:: YOUR TASK ::
Please restate word for word all lines from the one containing "Western Reserve’s Nate" to the final line of the entries, and include no pictures.

:: MATERIAL FOR THE TASK ::

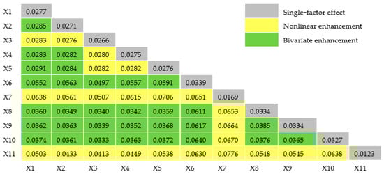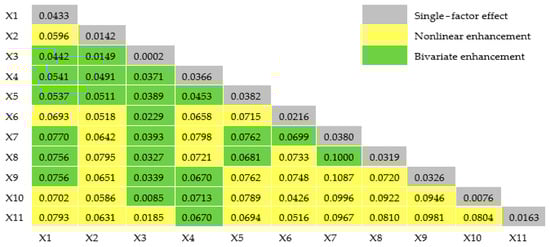 The results of the interaction detector demonstrated that the factor interactions increased the effects of each factor on ecosystem health. Figure 11 illustrates the outcomes of these factor interactions in 2010. There were 66 pairs of interactions between two factors on ecosystem health, in which 24 pairs exhibited a bivariate enhancement effect: X1–X3, X1–X4, X1–X5, X1–X7, X1–X8, X1–X9, X2–X3, X2–X4, X2–X5, X3–X4, X3–X5, X3–X6, X3–X7, X3–X8, X3–X9, X3–X10, X4–X5, X4–X9, X4–X10, X4–X11, X5–X7, X5–X8, X6–X7, and X7–X8. The remaining 31 sets exhibited a nonlinear enhancement effect, with 11 sets exhibiting a single-factor effect. In the nonlinear enhancement characteristic, the X9–X7 pair had the highest impact on ecosystem health in Guizhou Province, with the q-value being equal to 0.1087. The X8–X7 and X10–X7 pairs had increased influence on ecosystem health, with q-values of 0.1 and 0.0996, respectively. Figure 12 shows that the interactions between driving factors had bivariate and nonlinear enhancement effects on ecosystem health in 2020. A total of 24 pairs showed a nonlinear enhancement effect: X1–X3, X1–X7, X1–X11, X2–X3, X2–X7, X2–X11, X3–X4, X3–X5, X3–X7, X3–X11, X4–X5, X4–X7, X4–X11, X5–X7, X5–X11, X6–X7, X6–X11, X7–X8, X7–X9, X7–X10, X7–X11, X8–X11, X9–X11, and X10–X11. The remaining 31 sets exhibited a bivariate enhancement effect, with 11 sets exhibiting a single-factor effect. In this study, the interactions among different factors enhanced the influence of some factors on ecosystem health, such as X7–X11 (0.0776) and X7–X10 (0.067).
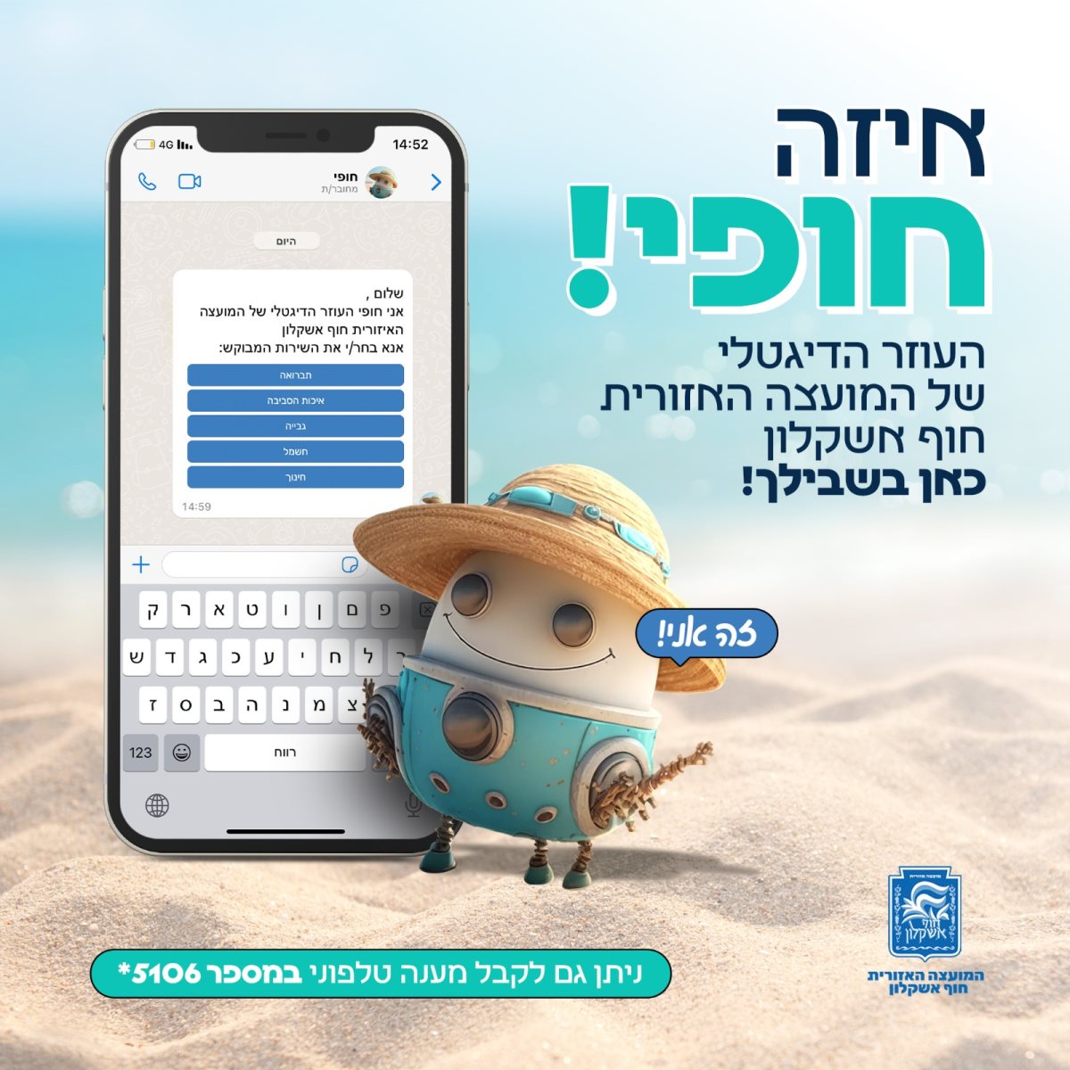 "חופי - העוזר הדיגיטלי שלך", הוא שירות דיגיטלי באתר המועצה ובאפליקציית הוואטספ, והפניה לשירות המבוקש ללא המתנה לנציג וללא עיכובים. ברגע פתיחת פנייה בשיחת וואטספ עם חופי, הפנייה נשלחת ישירות למחלקה הרלוונטית ולטיפולה. בין השירותים שמעניק חופי: רישום לקייטנות, אישור תושב, נושאי תברואה, איכות סביבה, חינוך, גבייה ועוד.
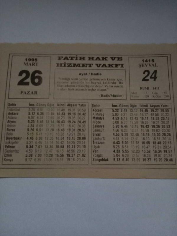 26 Mart 1995-Orijinal Takvim Yaprağı-Doğum Günü-Söz,Nişan,Nikâh,Düğün ve Önemli Günler Hediyesi-Fatih Hak ve Hizmet Vakfı-Ayet/Hadis(Hadis/Müslim)-İslam ve Sosyal Hayat-Sözün Özü-Yüzdeki Lekeler başlıklı ürün, Efemera, Müzik, Sinema > Belge ve Evraklar > Takvimler kategorisi altında İkinci El olarak satılmaktadır.
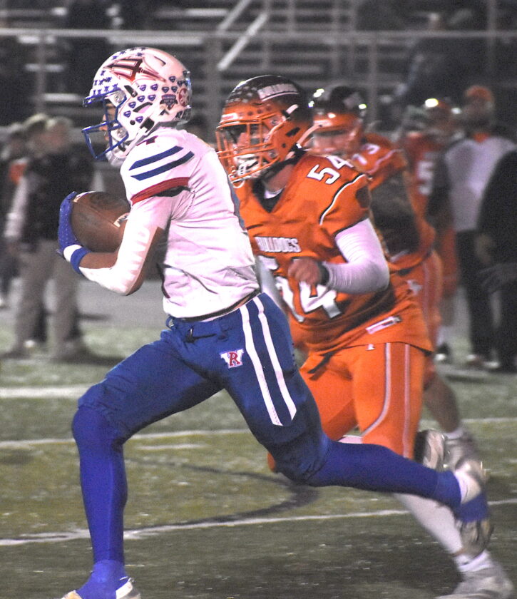 Western Reserve’s Nate Alexander runs for a touchdown as East Palestine’s Avyre Klingensmith gives chase on Friday in East Palestine. (Photo by Ron Firth)
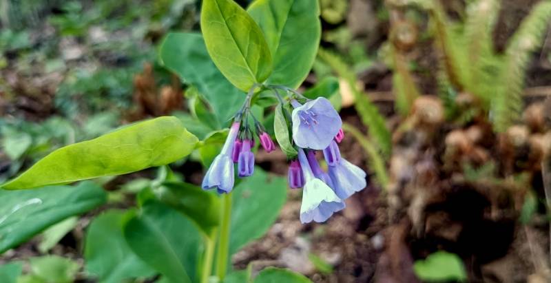 Mertensia virginica - mertensja wirginijska, myślałem, ze całkiem przepadła bo długo nie wznawiała wegetacji, ale szybko nadrobiła i rozpoczyna kwitnienie,

:: RESULT ::
 Western Reserve’s Nate Alexander runs for a touchdown as East Palestine’s Avyre Klingensmith gives chase on Friday in East Palestine. (Photo by Ron Firth)
 Mertensia virginica - mertensja wirginijska, myślałem, ze całkiem przepadła bo długo nie wznawiała wegetacji, ale szybko nadrobiła i rozpoczyna kwitnienie,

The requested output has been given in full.